There is a re-occurring discussion that rears its head every so often about how links are the economy of the Internet. Usually when these discussions start it revolves around the idea that this base part which is the glue that holds the world wide web together is breaking down because people are linking more and more to stuff within their own sites.
Such was the case with a post yesterday by Mathew Ingram; a fellow blogger, journalist and (hopefully) a friend, where he suggest that when this happens these sites become no different than the mainstream media.
This post was followed up with one from Alexander van Elsas who feels that Mathew nailed the problem but also points out that even people who supposedly believe in the Open Web aren’t immune from the MSM disease. He points to Tim O’Reilly where he says
I have a lot of respect for Tim too, but it’s a bit ironic that the O’Reilly blog tends to link internally too. They use a tagging system below every post that leads to O’Reilly articles only. It’s just a variation of the same theme. It seems that as soon as a blog becomes monetized or written by more than one author linking to the outside world is under pressure.
While we can have this type of esoteric discussion until the end of time it means nothing if we don’t understand why this type of linking is bad and really why considering links as an economy isn’t. To do this though we have to understand that while we use the term Internet to describe everything we do online the fact is that the Internet was around before the world wide web. What the majority of people are use to; and what all of Web 2.0 is based on is the world wide web as invented by Tim Berners-Lee some time after the Internet was invented.
The reason Tim’s work is so important is because he was the first one to understand the immensity of the Internet; and that without some way to connect all the information that was available on the Internet in an easy way that everyone could understand the Internet would forever be an abstraction. The information would still be there but within silos that were only accessible via cryptic methods most people would never be able to understand let alone be able to remember how they got to those individual silos. His invention of HTML and the ability of linking data between silos forever changed the world wide web.

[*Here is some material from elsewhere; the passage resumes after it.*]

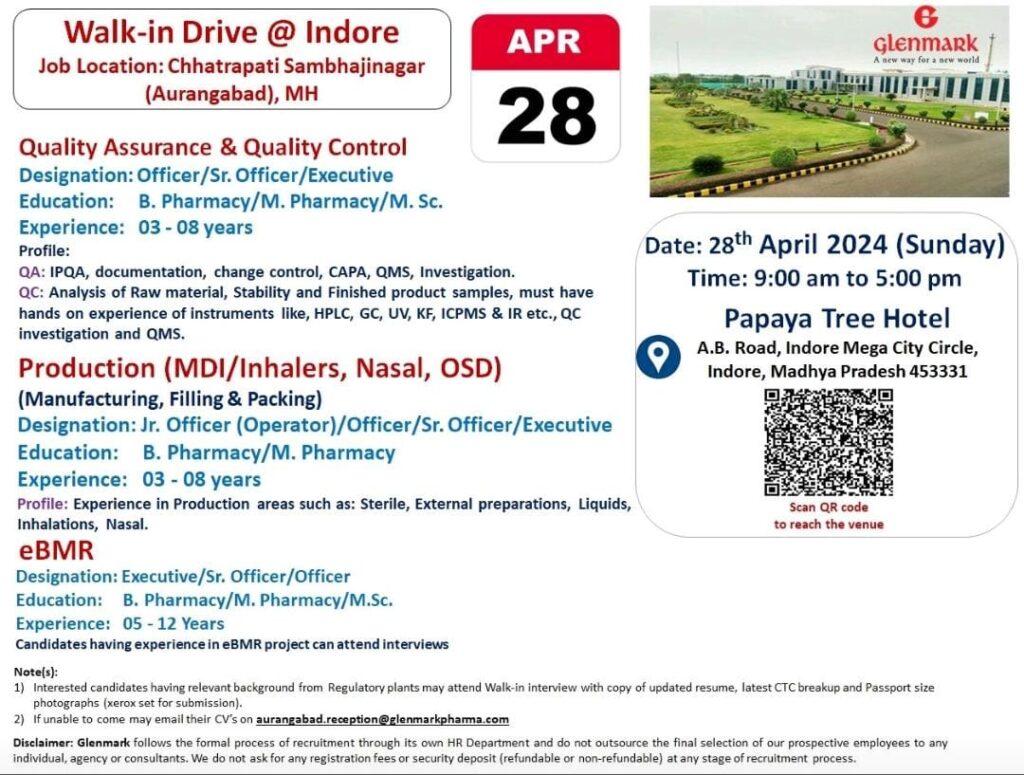 Glenmark Pharma Walk-in Drive @ Indore on 28th April 2024 | QA, QC, Production, eBMR

Let’s look at it this way using some real world examples.
So you’re standing in a bookstore looking over the books on display. Now let’s think of those book titles as hyperlinks that you can press and when you do you could find yourself at any one of the following places
- at the library where you could look up other books on the same related idea or other books by the same author
- at another bookstore which has other books by the author that the first bookstore doesn’t have
- in the living room of the author’s home where you can talk with them about their books or thoughts that they are having
- or still within the same bookstore and their limited selection of related books by that author or others like them.
From the first two examples you could literally keep going for a very long time by pressing on the book titles and learning more and more as you go. With the third you could end up visiting other authors like the current one and again learning as you go. However with the fourth option you find yourself traveling in a smaller and smaller circle as your options become less and less.
In this case you’re sitting in a cafe somewhere reading a newspaper and each of the headlines or sections of the article can be pressed on. In this case you could find yourself in any of the following places
- at the library where you can read more about the background of what the article was talking about
- picking up another publication that is also talking about the same thing but with a different perspective
- with the journalist who wrote the article talking about their reasons for writing about what is in the article and what they might be writing about next
- on older issue of the same newspaper
The first two options allow you to learn more about what is being talked about and lets you go as deep into the subject as you want to. The third option lets you gain a better understand of the person and could let you continue on to read about the people that they find interesting. With the last option though you find yourself
slowly travelling down a narrowing tunnel of less and less information.
In the first three options of each example this ability to travel beyond where you currently are allows you to learn – to add value to what came before. These outward links are the ties that provide the roadway by which we can travel and learn. For the author of the book or the journalist writing the article it can bring them more and more readers adding to their own personal value. For the bookstore and the newspaper they gain by both the increased popularity of the author or journalist as well as the increasing number of people coming down those roadways.
In both examples though where the links are roads only travels inwards they both lose because less and less people will be coming as the number of roads become fewer and fewer. Without the links that tie together all those different locations we slowly return to an Internet full of silos and nobody makes money standing alone staring at the walls of a silo.